Task instructions: Give again, exactly as written, the lines of the records below from the line with "4 And Iacob" to the line with "Это пильное полотно". Both end lines count; pictures do not.

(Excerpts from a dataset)

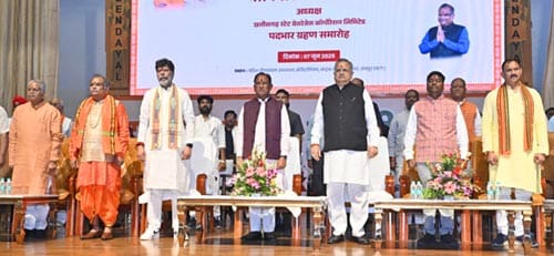 मुख्यमंत्री विष्णुदेव साय ने छत्तीसगढ़ स्टेट बेवरेजेस कॉर्पोरेशन के अध्यक्ष श्रीनिवास मद्दी के पदभार ग्रहण समारोह में हुए शामिल
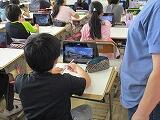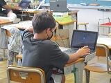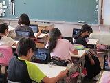 給食を食べ終わった人が端末を開いてタイピングをしています。これは,学級の友だちとチャットで会話をしているのだそうです。
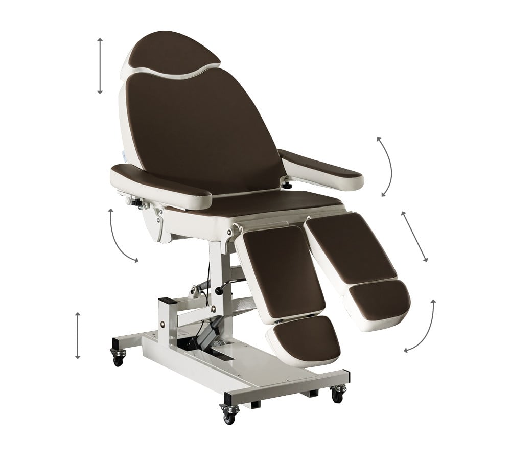 Le fauteuil Dallas est électrique et est idéal pour différents types de soins de beauté. Il est équipé d'un réglage en hauteur du siège grâce à une pédale électrique, l'angle du siège et du dossier peut être réglé séparément par deux pédales d'accélérateur séparées, il dispose également de deux repose-jambes séparés et indépendants, réglables manuellement. La chaise est également équipée de deux accoudoirs entièrement pivotants, à utiliser dans toutes les positions, assise et couchée. Le repose-jambes et l'appui-tête sont réglables en longueur et en hauteur pour un confort total du client.
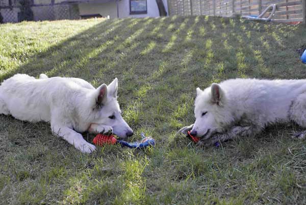 Im Hundehänger kann ich auch schon ohne Probleme fahren. Mein Hunderudel hat mir schon eine Menge beigebracht, am liebsten jage ich den Schwarzen über den Hof und spiele mit ihm kriegen.
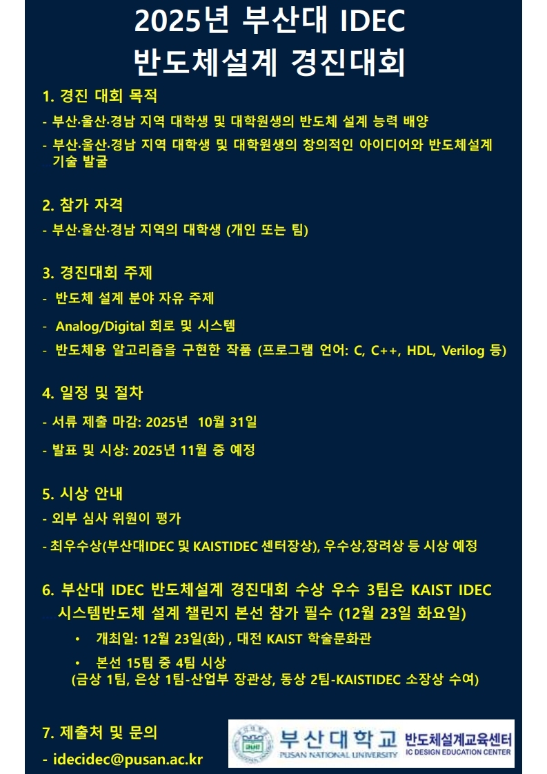 fnctId=bbs,fnctNo=2650 작성일 2025.10.10 수정일 2025.10.10 작성자 신효재 조회수 243 [반도체IDEC] 반도체설계 경진대회 참가자 모집(~10/31) 첨부파일 sample_참가신청 및 설계설명.docx 미리보기
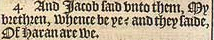 4 And Iacob said vnto them, My brethren, whence be ye? and they saide, Of Haran are we.
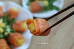 특별한 요리 비법이 없어도 돌돌 말아만 주어도 예쁘고 폼 나는 요리가 연어가 아닌가 생각이 드는데요.
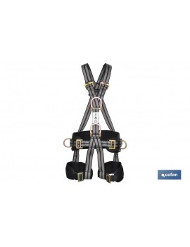 Arnés anticaídas para trabajo en suspensión. Muslos y cinturón ajustables con correa de asiento para una mayor comodidad. Las cintas de los hombros, muslos y cinturón están equipadas con hebillas de ajuste.
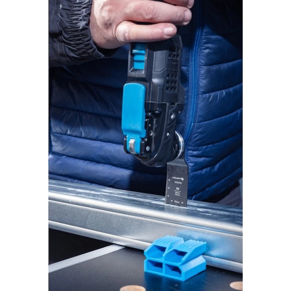 Это пильное полотно предназначено для установки на многофункциональный инструмент (мультитул), такой как HT2E230-0MT, и позволяет резать черные и цветные металлы, ПВХ и дерево с гвоздями.
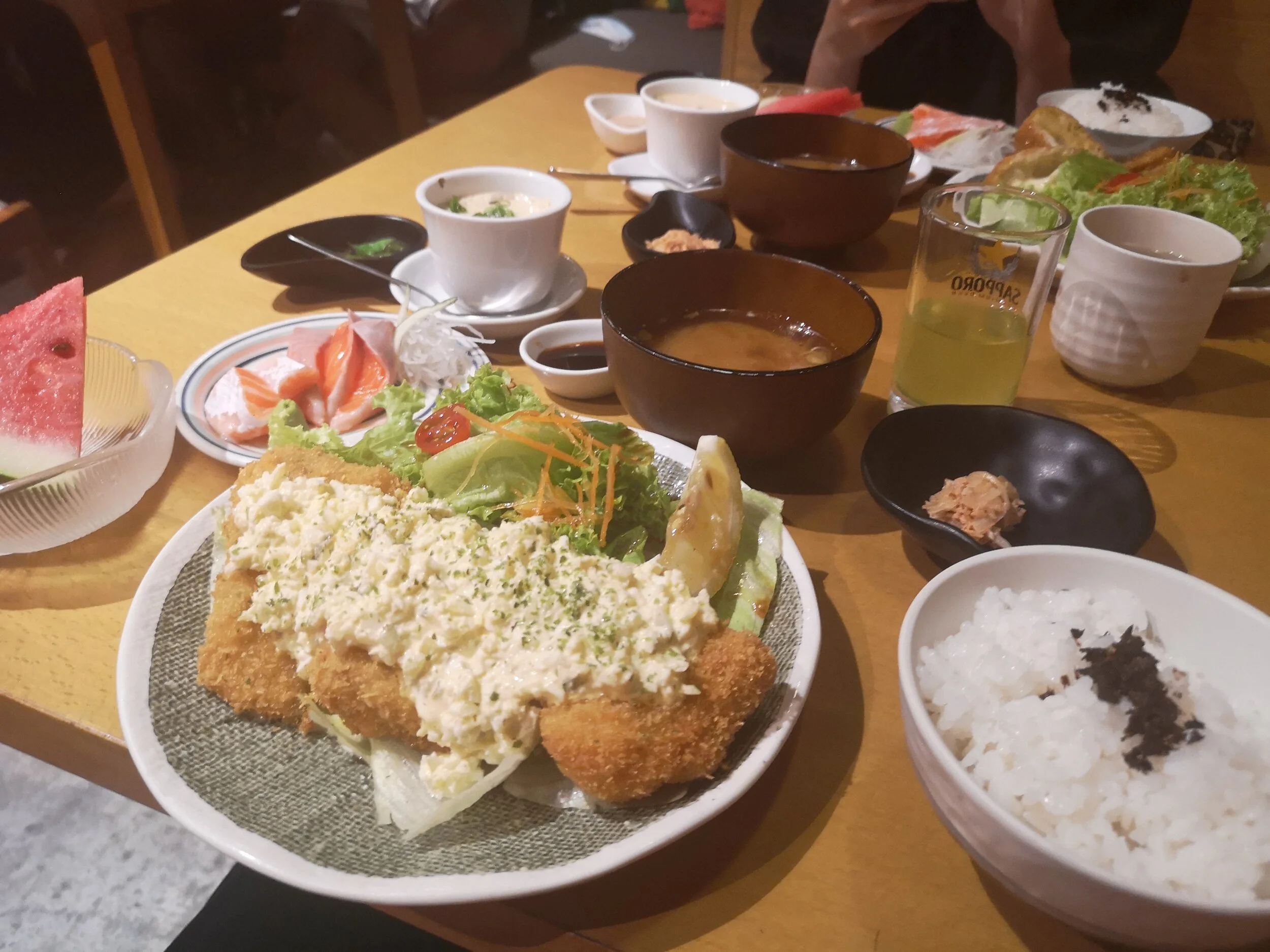 I had more of the Deep Fried Fish & Salmon Sashimi set (RM42.40) whilst my girlfriend wanted the Ham Katsu, Croquette & Salmon Sashimi Set (RM42.40). The rest of the bill is made up of ocha, service tax, etc. but that’s the rough maths behind the dinner.
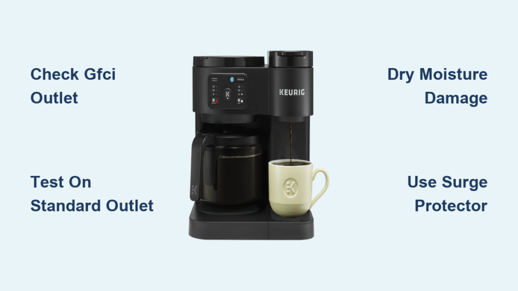 Plug a lamp or phone charger into the same outlet. If they fail too, the problem is your home wiring—not the Keurig. Never bypass GFCI outlets within 6 feet of sinks (a code violation); instead, relocate the brewer to a compliant standard outlet elsewhere.

Expected answer:
 4 And Iacob said vnto them, My brethren, whence be ye? and they saide, Of Haran are we.
 특별한 요리 비법이 없어도 돌돌 말아만 주어도 예쁘고 폼 나는 요리가 연어가 아닌가 생각이 드는데요.
 Arnés anticaídas para trabajo en suspensión. Muslos y cinturón ajustables con correa de asiento para una mayor comodidad. Las cintas de los hombros, muslos y cinturón están equipadas con hebillas de ajuste.
 Это пильное полотно предназначено для установки на многофункциональный инструмент (мультитул), такой как HT2E230-0MT, и позволяет резать черные и цветные металлы, ПВХ и дерево с гвоздями.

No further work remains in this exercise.